L’avvocato ha poi attaccato le conclusioni della corte d’Assise di Bergamo: “Il processo non regge – ha detto -. Ci siamo trovati di fronte a una sentenza e a un processo che ha fatto a stracci il diritto sostanziale, il diritto processuale e il diritto costituzionale. Abbiamo assistito a un processo dove i consulenti hanno fatto a gara per smentire loro stessi. Si è letteralmente fuggiti al confronto con la difesa in materia di prova scientifica”.

Il processo d’appello verrà celebrato di fronte ai giudici di Brescia, a differenza del primo grado, che è stato celebrato a Bergamo. Salvagni non è entrato nel merito del ricorso, anche se si desume che i legali di Bossetti contestino, come hanno sempre fatto anche in primo grado, la validità della prova ritenuta invece fondamentale per l’accusa e i giudici, ovvero il Dna trovato sugli slip di Yara.

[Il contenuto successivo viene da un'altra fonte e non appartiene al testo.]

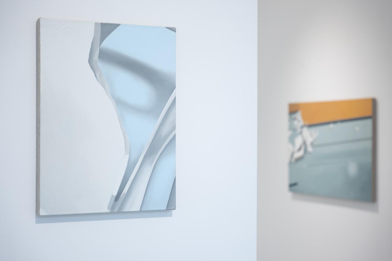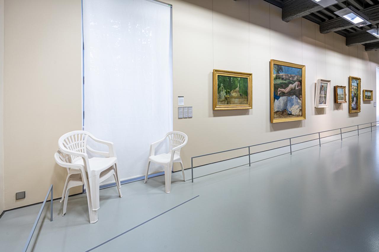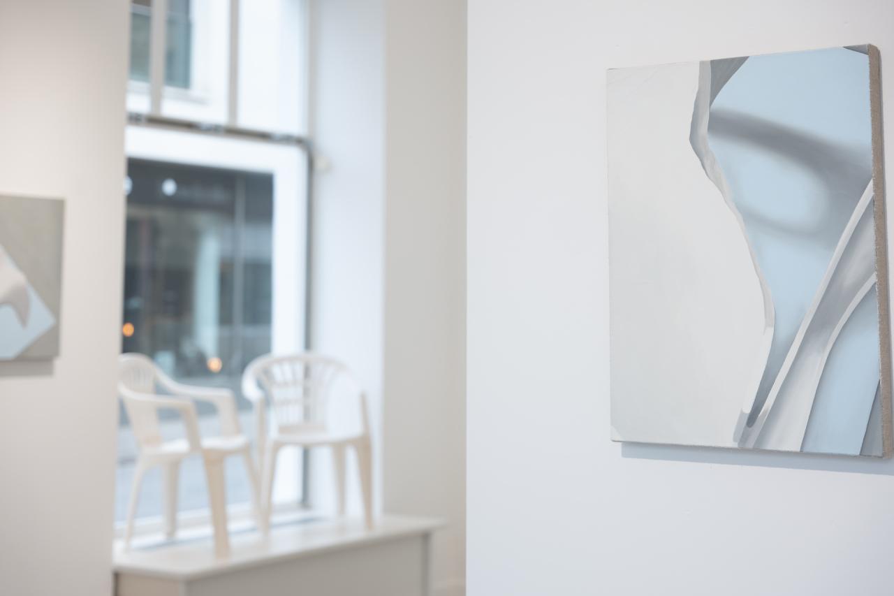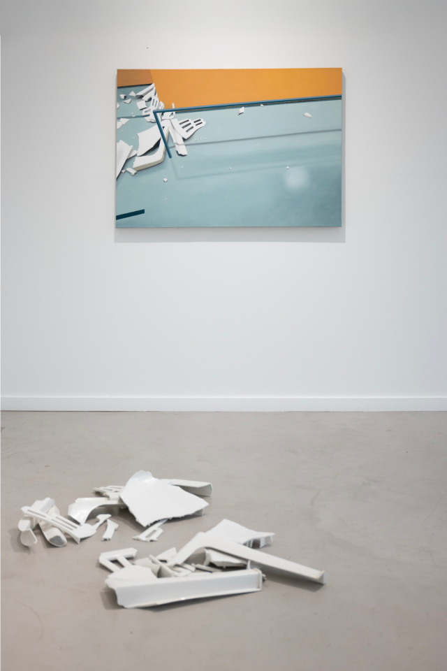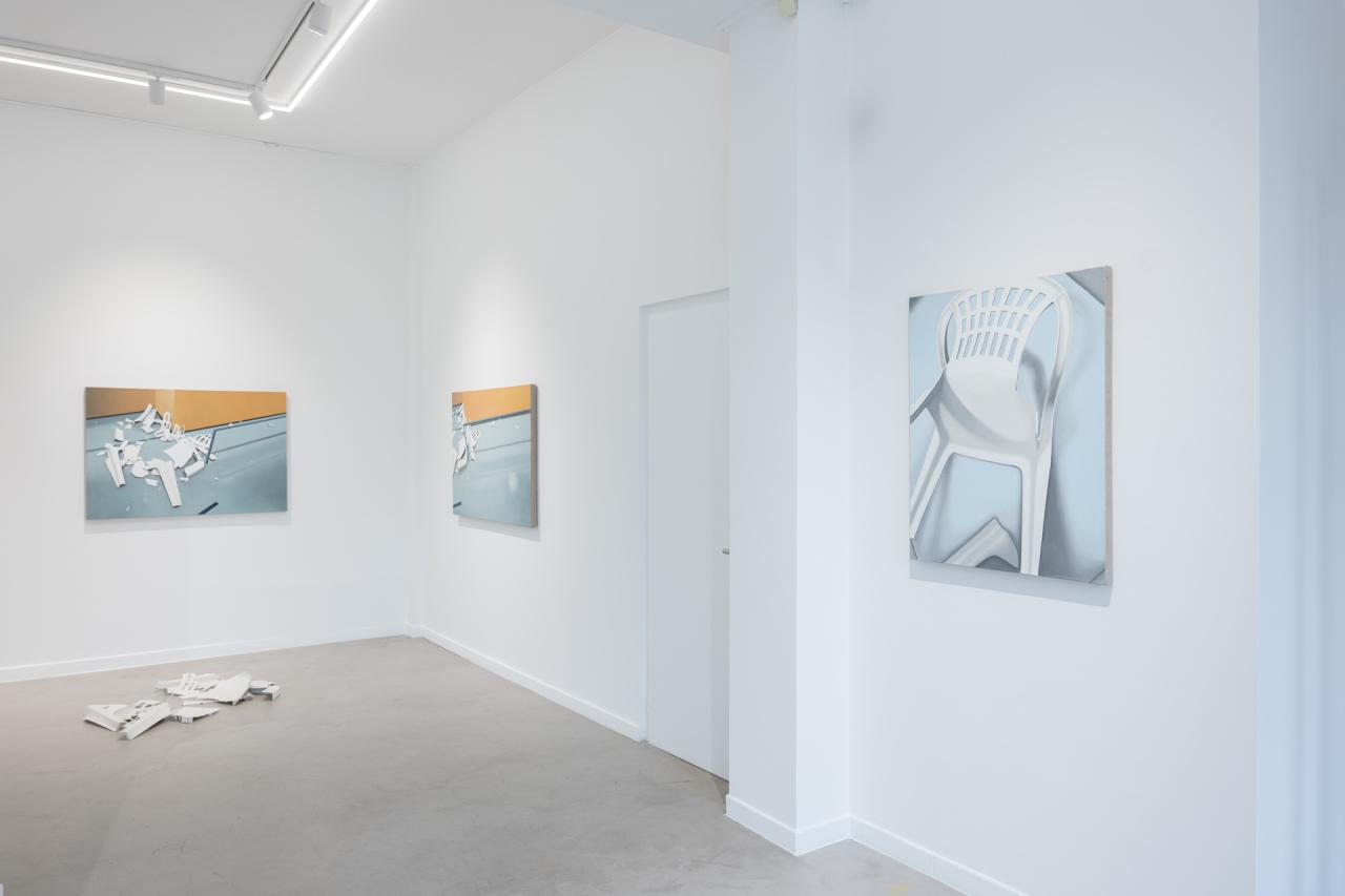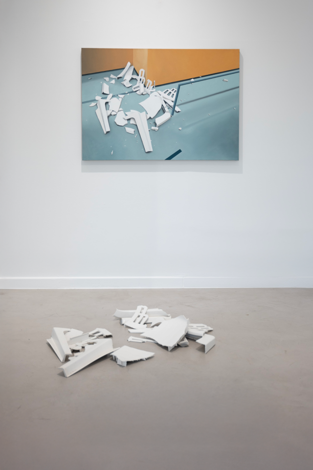 Nouveau sinistre, 2023, ensemble de 2 toiles, dimensions variables et débris de chaise en polypropylène, dimensions variables
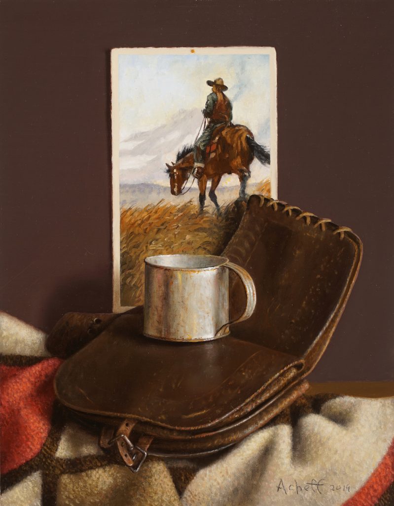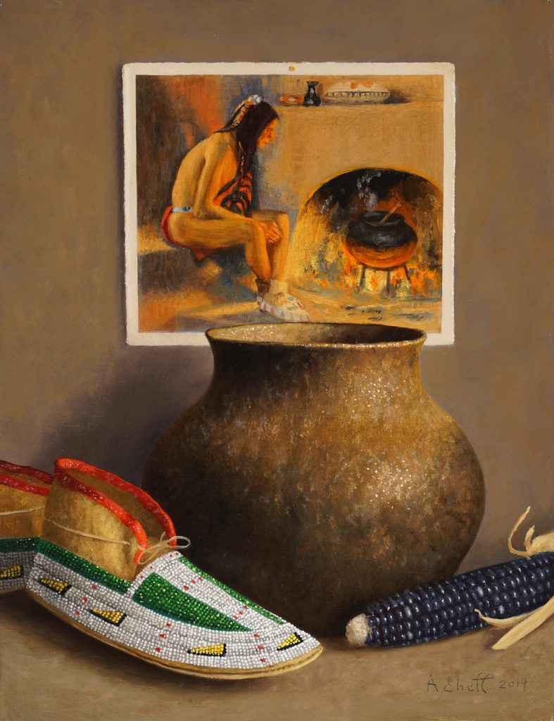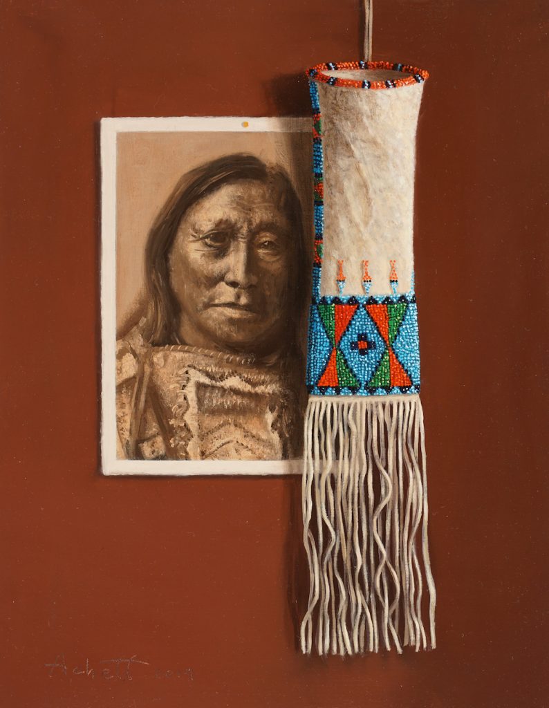 Acheff’s process often begins with seeing a photograph or a print and thinking it would be great in a painting. “I started painting Curtis photographs in the ’70s, and I thought that would be a great way to extend the theme with the artifact. I like to see an object and see how it feels to me. What do I get out of it? What is the common emotion?”
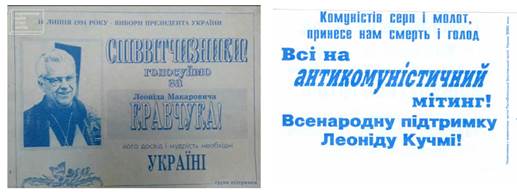 3. Розгляньте передвиборчі листівки. За кого або проти кого вони агітують голосувати? Хто переміг на президентських виборах, напередодні яких поширювалася перша листівка? Хто здобув більшість голосів на виборах, напередодні яких поширювалася друга листівка?
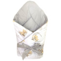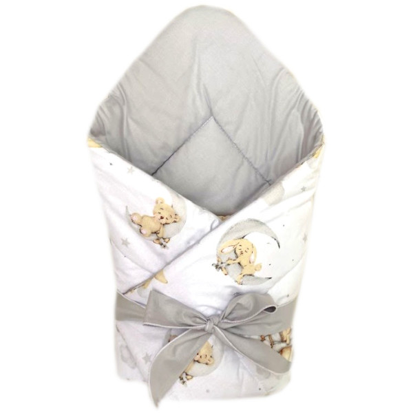 Obszyty jest w 100 % bawełnianą tkaniną. Posiada zaokrąglone brzegi i szeroki rzep, dzięki czemu łatwo nadać mu odpowiedni kształt podczas otulania maluszka. Dodatkowo posiada tasiemkę, za pomocą której możemy dokładnie otulić maluszka.
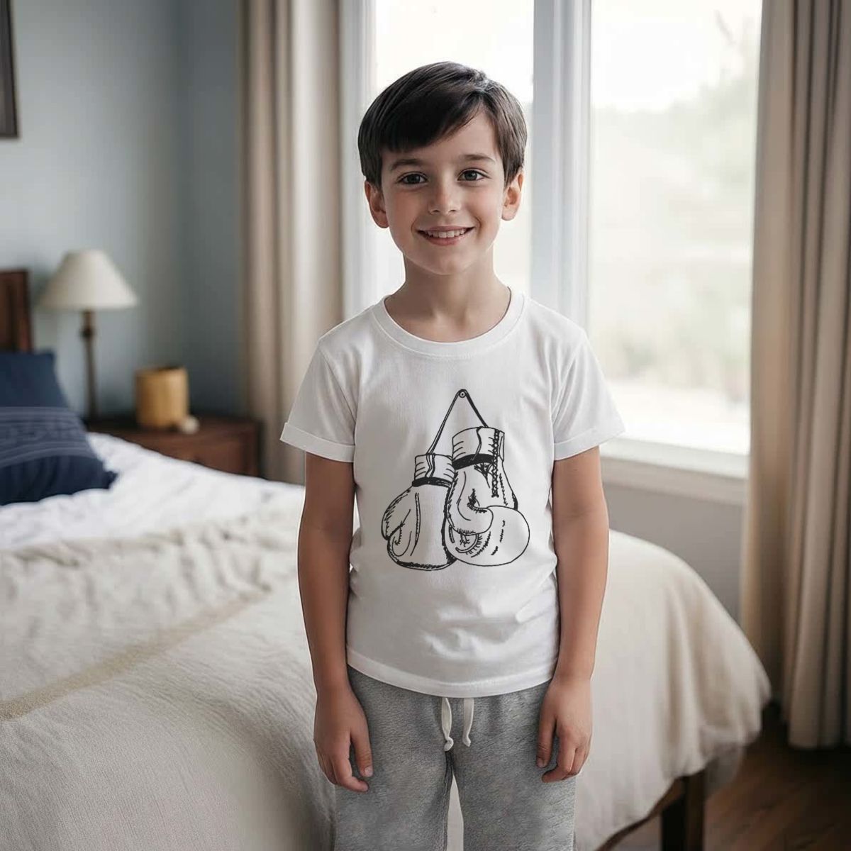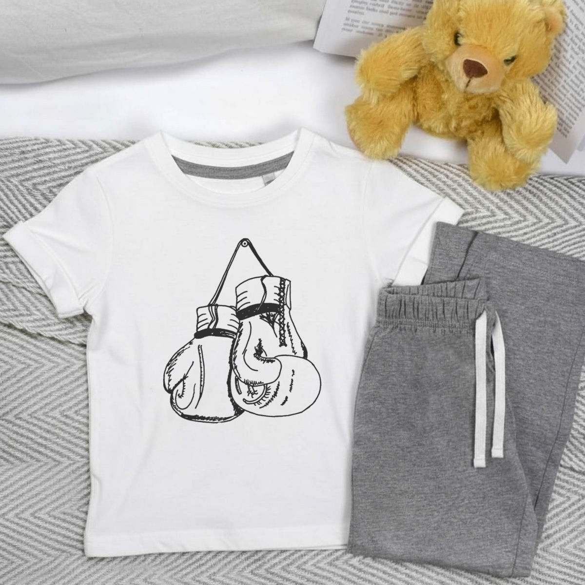 'Hanging Boxing Gloves' Kids Cotton Pyjama Set – Comfortable Children's Nightwear, Sleepwear and Loungewear - Unisex for Boys and Girls - Grey, 7-8 Years (KP00066147)
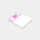 These girly soccer Post-it® Notes (4" x 3") feature randomly arranged pink and white traditional style soccer balls of varying sizes on the left edge and overlying customisable name and monogram on a coordinating pink circle pendant and jersey number on one of the soccer balls - by katz_d_zynes
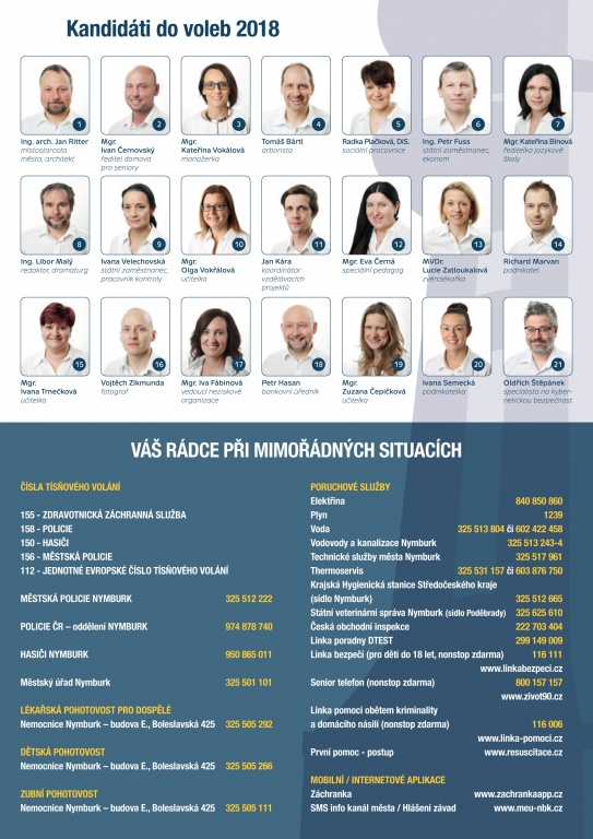 Už více než deset let pracujeme v zastupitelstvu, patříme k nejvíce aktivním zastupitelům a již se nám podařilo řadu našich předsevzetí a slibů splnit. Do dalších let se chceme soustředit především na zlepšení komfortu pro Vás, Nymburáky, skrze opravu zanedbaných částí města a zlepšení dopravní situace. Posílíme úklid a investice do veřejného prostoru, aby se Vám v Nymburce žilo lépe. Rozhýbali jsme řadu opomíjených projektů, otevřeli radnici a zlepšili servis pro všechny občany.

Anche la procura di Bergamo ha già impugnato la sentenza di primo grado, ma solo per quanto riguarda la parte in cui Bossetti veniva assolto dall’accusa di calunnia ai danni di un suo collega, verso il quale avrebbe cercato di sviare le indagini. Massimo Bossetti, che si è sempre dichiarato innocente, si trova in carcere dal 16 giugno 2014: venne fermato quando venne accertata la corrispondenza, certa quasi al 100% secondo gli scienziati, del suo Dna con quello che, fino a quel momento, era stato attribuito a ‘Ignoto 1′.